### WHAT YOU NEED TO DO
Write out, word for word, the line that contains "Schilderij van Jan" and each line after it down to the last line of the data below. Include nothing more.

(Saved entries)
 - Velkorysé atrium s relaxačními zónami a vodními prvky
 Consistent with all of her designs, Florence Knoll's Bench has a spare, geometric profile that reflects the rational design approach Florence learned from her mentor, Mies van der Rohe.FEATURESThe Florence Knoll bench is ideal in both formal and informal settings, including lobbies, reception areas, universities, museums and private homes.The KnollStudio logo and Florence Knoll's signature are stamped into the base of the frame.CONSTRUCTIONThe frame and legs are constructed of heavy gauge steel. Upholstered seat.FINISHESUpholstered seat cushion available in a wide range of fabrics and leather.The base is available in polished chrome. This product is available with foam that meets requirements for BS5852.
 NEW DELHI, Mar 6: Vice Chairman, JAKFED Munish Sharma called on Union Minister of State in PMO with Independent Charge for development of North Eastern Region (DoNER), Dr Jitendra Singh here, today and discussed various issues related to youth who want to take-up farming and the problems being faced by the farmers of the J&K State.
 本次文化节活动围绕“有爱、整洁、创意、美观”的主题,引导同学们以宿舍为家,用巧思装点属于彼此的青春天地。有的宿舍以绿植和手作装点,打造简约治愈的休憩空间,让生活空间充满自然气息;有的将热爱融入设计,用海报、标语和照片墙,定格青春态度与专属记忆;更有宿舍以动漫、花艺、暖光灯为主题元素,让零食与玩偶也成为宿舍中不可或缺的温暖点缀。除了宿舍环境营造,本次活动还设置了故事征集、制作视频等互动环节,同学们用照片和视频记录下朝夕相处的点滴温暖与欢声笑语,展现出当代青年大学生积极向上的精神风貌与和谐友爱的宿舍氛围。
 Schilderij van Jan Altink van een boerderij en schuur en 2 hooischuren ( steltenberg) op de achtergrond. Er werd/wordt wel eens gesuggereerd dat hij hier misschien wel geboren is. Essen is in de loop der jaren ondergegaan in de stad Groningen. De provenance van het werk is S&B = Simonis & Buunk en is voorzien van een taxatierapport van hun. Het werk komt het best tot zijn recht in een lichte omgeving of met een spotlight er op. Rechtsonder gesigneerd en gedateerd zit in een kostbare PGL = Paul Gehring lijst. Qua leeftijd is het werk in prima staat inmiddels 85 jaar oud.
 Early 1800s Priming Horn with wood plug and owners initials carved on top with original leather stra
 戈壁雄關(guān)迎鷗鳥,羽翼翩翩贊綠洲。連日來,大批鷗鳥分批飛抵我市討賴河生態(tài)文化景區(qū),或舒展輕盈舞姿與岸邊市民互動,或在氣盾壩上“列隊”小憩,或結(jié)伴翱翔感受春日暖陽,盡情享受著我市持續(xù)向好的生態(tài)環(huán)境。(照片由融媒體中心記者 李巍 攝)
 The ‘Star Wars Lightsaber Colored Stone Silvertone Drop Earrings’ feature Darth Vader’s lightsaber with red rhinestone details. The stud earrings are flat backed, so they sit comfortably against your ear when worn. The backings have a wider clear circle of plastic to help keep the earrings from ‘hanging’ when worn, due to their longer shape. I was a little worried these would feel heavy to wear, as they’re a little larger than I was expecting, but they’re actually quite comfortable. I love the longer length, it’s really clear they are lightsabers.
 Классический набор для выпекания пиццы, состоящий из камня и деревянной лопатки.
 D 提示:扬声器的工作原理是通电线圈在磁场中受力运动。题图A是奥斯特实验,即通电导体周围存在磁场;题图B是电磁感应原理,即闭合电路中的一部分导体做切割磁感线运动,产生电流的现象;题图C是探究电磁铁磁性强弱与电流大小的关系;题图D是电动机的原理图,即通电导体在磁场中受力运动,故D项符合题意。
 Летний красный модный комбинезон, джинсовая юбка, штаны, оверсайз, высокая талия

### RESPONSE
 Schilderij van Jan Altink van een boerderij en schuur en 2 hooischuren ( steltenberg) op de achtergrond. Er werd/wordt wel eens gesuggereerd dat hij hier misschien wel geboren is. Essen is in de loop der jaren ondergegaan in de stad Groningen. De provenance van het werk is S&B = Simonis & Buunk en is voorzien van een taxatierapport van hun. Het werk komt het best tot zijn recht in een lichte omgeving of met een spotlight er op. Rechtsonder gesigneerd en gedateerd zit in een kostbare PGL = Paul Gehring lijst. Qua leeftijd is het werk in prima staat inmiddels 85 jaar oud.
 Early 1800s Priming Horn with wood plug and owners initials carved on top with original leather stra
 戈壁雄關(guān)迎鷗鳥,羽翼翩翩贊綠洲。連日來,大批鷗鳥分批飛抵我市討賴河生態(tài)文化景區(qū),或舒展輕盈舞姿與岸邊市民互動,或在氣盾壩上“列隊”小憩,或結(jié)伴翱翔感受春日暖陽,盡情享受著我市持續(xù)向好的生態(tài)環(huán)境。(照片由融媒體中心記者 李巍 攝)
 The ‘Star Wars Lightsaber Colored Stone Silvertone Drop Earrings’ feature Darth Vader’s lightsaber with red rhinestone details. The stud earrings are flat backed, so they sit comfortably against your ear when worn. The backings have a wider clear circle of plastic to help keep the earrings from ‘hanging’ when worn, due to their longer shape. I was a little worried these would feel heavy to wear, as they’re a little larger than I was expecting, but they’re actually quite comfortable. I love the longer length, it’s really clear they are lightsabers.
 Классический набор для выпекания пиццы, состоящий из камня и деревянной лопатки.
 D 提示:扬声器的工作原理是通电线圈在磁场中受力运动。题图A是奥斯特实验,即通电导体周围存在磁场;题图B是电磁感应原理,即闭合电路中的一部分导体做切割磁感线运动,产生电流的现象;题图C是探究电磁铁磁性强弱与电流大小的关系;题图D是电动机的原理图,即通电导体在磁场中受力运动,故D项符合题意。
 Летний красный модный комбинезон, джинсовая юбка, штаны, оверсайз, высокая талия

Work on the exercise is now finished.